== PROVIDED RECORDS ==

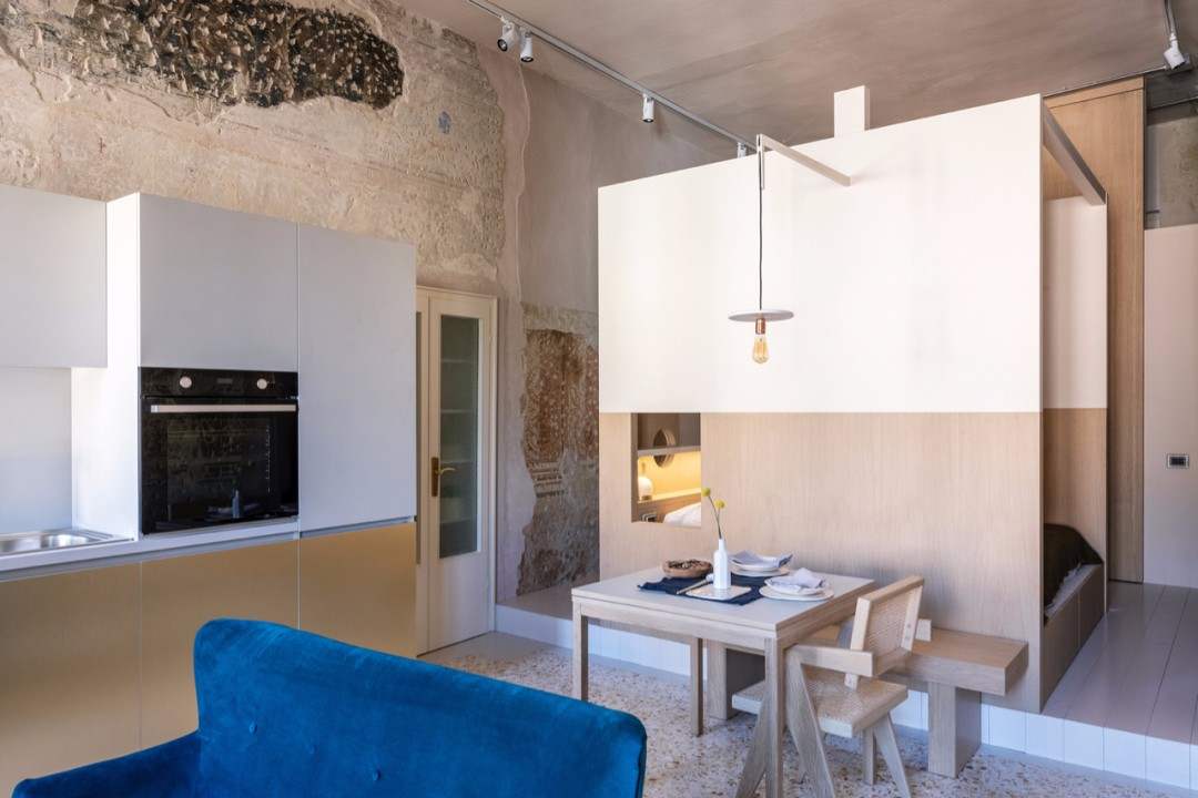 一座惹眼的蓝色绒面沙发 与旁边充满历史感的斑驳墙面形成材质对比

===
== PROVIDED RECORDS ==

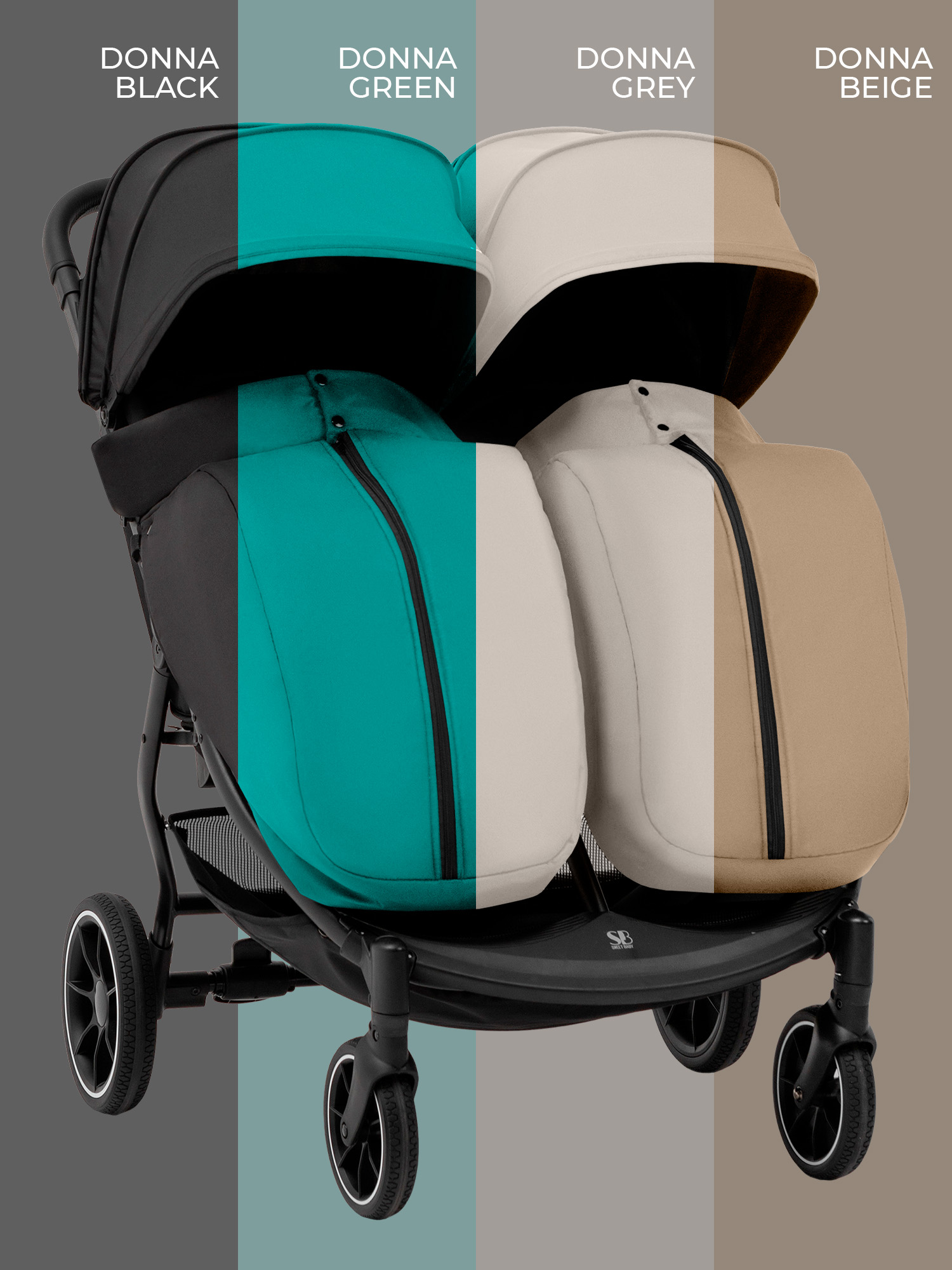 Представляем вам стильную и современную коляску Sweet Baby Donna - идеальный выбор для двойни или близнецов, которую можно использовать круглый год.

===
== PROVIDED RECORDS ==

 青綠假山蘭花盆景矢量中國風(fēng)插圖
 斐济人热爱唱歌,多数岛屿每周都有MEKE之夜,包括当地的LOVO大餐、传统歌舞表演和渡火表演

===

• TASK INSTRUCTIONS:
Among the lines above, find the one with "青綠假山蘭花盆景矢量中國風(fēng)插圖" and the one with "斐济人热爱唱歌,多数岛屿每周". Quote both and everything between them, exactly.

• YOUR SOLUTION:
 青綠假山蘭花盆景矢量中國風(fēng)插圖
 斐济人热爱唱歌,多数岛屿每周都有MEKE之夜,包括当地的LOVO大餐、传统歌舞表演和渡火表演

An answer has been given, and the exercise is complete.